Crypto whales are those accounts known to hold a relatively large amount of any crypto asset or multiple crypto assets in bulk for that matter. These accounts could be held by individuals or entities. Crypto whales are also referred to as whale accounts, sharks, fat men or just whales. 

In the crypto market, crypt whale accounts have their own dominance given the quantity of crypto they hold. Although there is no specific amount for which defines a wallet address as a whale address, a common notion is the account holds around 10% of overall circulation of a particular crypto asset. 

The amount also differs along with different cryptocurrencies. The dominance of whale accounts within a crypto ecosystem could also define its centralization. Given the fact, the more a whale account would hold the crypto assets, the more the whale would have influence on the cryptocurrency. 

Given the majority holdings of a crypto asset, any activity in these crypto whale accounts could directly make an impact on cryptocurrency itself. The specific case may vary depending upon cryptocurrency’s type and significance in the market. 

According to BitInfocharts, by May 2022, the top four crypto wallets were holding about 3.49% of overall bitcoin (BTC) in circulation. While the top 100 whale accounts were responsible for having 15.36% of overall bitcoin (BTC) supply. 
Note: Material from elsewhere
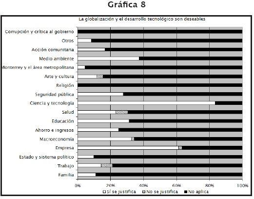Como se ha observado a lo largo de la investigación, la crisis de la década de 1980 operó como un parteaguas de las posibilidades de crecimiento de las empresas locales en términos de su expansión geográfica. Las mismas se reestructuraron de manera que pasaron de un modelo productivo, destinado al mercado nacional, a otro de tipo global en el cual, para ser competitivas, revaloraron la tecnología y el capital extranjero. En este contexto, se considera interesante medir la importancia que el periódico otorga en su cobertura a cuestiones vinculadas con la globalización y el desarrollo tecnológico (véase gráfica 8). Los resultados fueron los esperados, en la medida en que hay una visión positiva de la globalización así como hay también muestras de orgullo sobre los logros y conquistas de las empresas locales en mercados internacionales. En numerosas ocasiones, el periódico El Norte cubre las acciones de empresas regiomontanas llevadas a cabo en el exterior.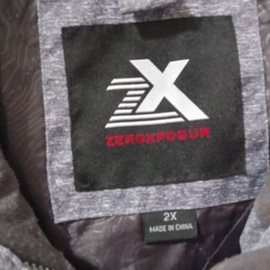 Zeroxposur Women's gray&white zip up opening w/removable hood size 2X. Has 2 side snap pockets, adjustable wrist and waist tightness. no zippered lining.

The case with popular memecoin Dogecoin is significantly different where it seems to be more centralized. The top 15 crypto wallets holding Dogecoin (DOGE) were said to hold about 29.5 billion DOGE—which was more than 52% of the overall supply. Clearly the top holders can easily dominate and manipulate Dogecoin—from trading volume to trading price. 

Given the significance, whale accounts are largely followed and several aggregators also keep watch on them as well as keep posting about any significant move. Activities in whale accounts could also lead to deciding the fate of specific cryptocurrency and could be inferred as many messages at once. 

Dumping of crypto or accumulating crypto in bulk by whale accounts, both the instances create turbulence within the market.